Le parti au pouvoir a longtemps jugé que la milice compte plus de 4,5 millions de membres, bien que ce chiffre ne soit pas plausible étant donné la chute du soutien populaire et la migration de millions de Vénézuéliens, y compris les partisans de Maturo, à la recherche d'une vie meilleure. Le nombre contraste avec les résultats des élections présidentielles de l'année dernière, au cours de laquelle le Conseil électoral national – affirmé au gouvernement – a déclaré que Maduro avait gagné avec 6,4 millions de voix, tandis que les minutes détaillées publiées par l'opposition ont montré qu'il avait perdu avec 3,4 millions de voix.
La chef de l'opposition, María Corina Machado, dont le représentant Edmundo González est reconnue par les États-Unis et plusieurs autres gouvernements tels que le vainqueur légitime des élections de 2024, est apparu aux Fox News Après l'annonce et remercié les responsables de l'administration Trump d'avoir adopté «la bonne approche, avec courage et clarté, envers la société pénale qui a pris le relais» du Venezuela. « Le moment du changement est venu », a déclaré Machado.

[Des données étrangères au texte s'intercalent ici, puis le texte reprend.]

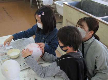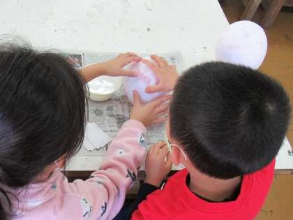 お友だちに手伝ってもらいながら、風船に和紙を貼りつけていきます。
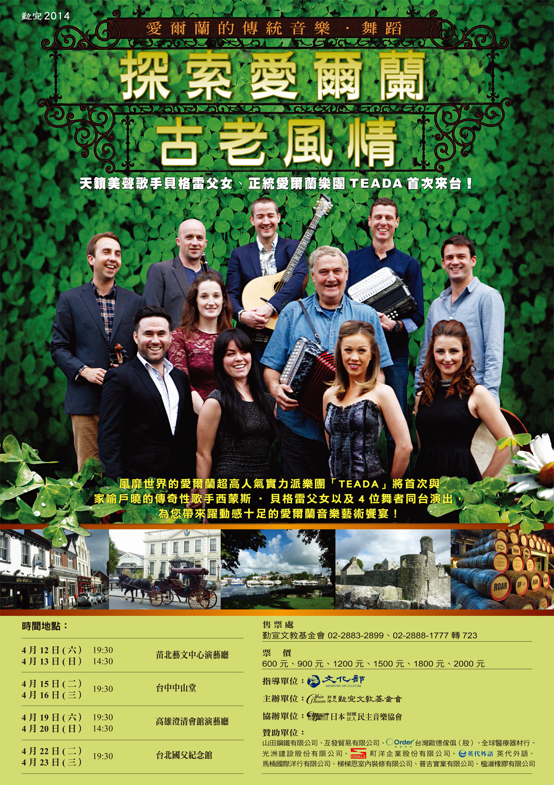 「演奏」、「歌曲」及「舞蹈」是愛爾蘭傳統音樂的靈魂,此次勤宣公演將帶領觀眾一起探索「愛爾蘭古老的風情」。
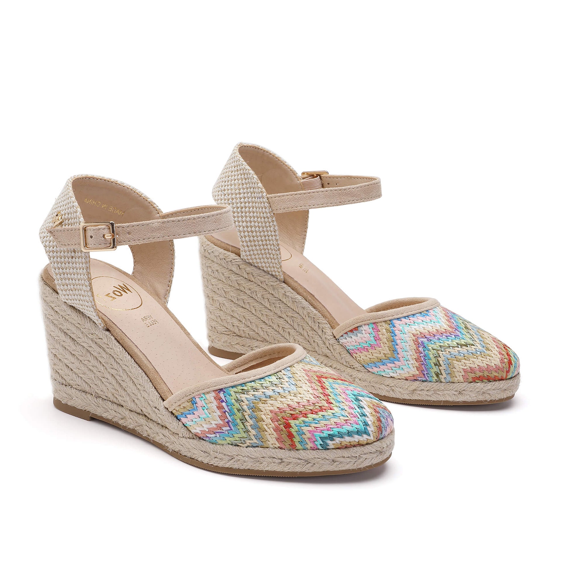 Designed in Italy, these Joy Beige Espadrilles feature a stylish raffia upper, an ankle strap with buckle fastening, and a soft padded footbed. The heel is adorned with natural beige braided rope and measures 7 cm in height.

Dans son compte X, Machado a déclaré que les Vénézuéliens avaient « désobéi » le gouvernement en ne faisant pas l'appel de la milice le week-end dernier. « Les carrés vides du Venezuela annoncent aujourd'hui l'avenir qui approche », a-t-il écrit.

Sabatini, de Chatham House, a critiqué les chefs de l'opposition pour « manipuler cyniquement les espoirs des gens » et pour « retomber dans le piège qu'une invasion est imminente ». Selon Sabatini, l'opposition « a été garée à neutre » des élections présidentielles et cherche maintenant à capitaliser sur cette nouvelle opportunité.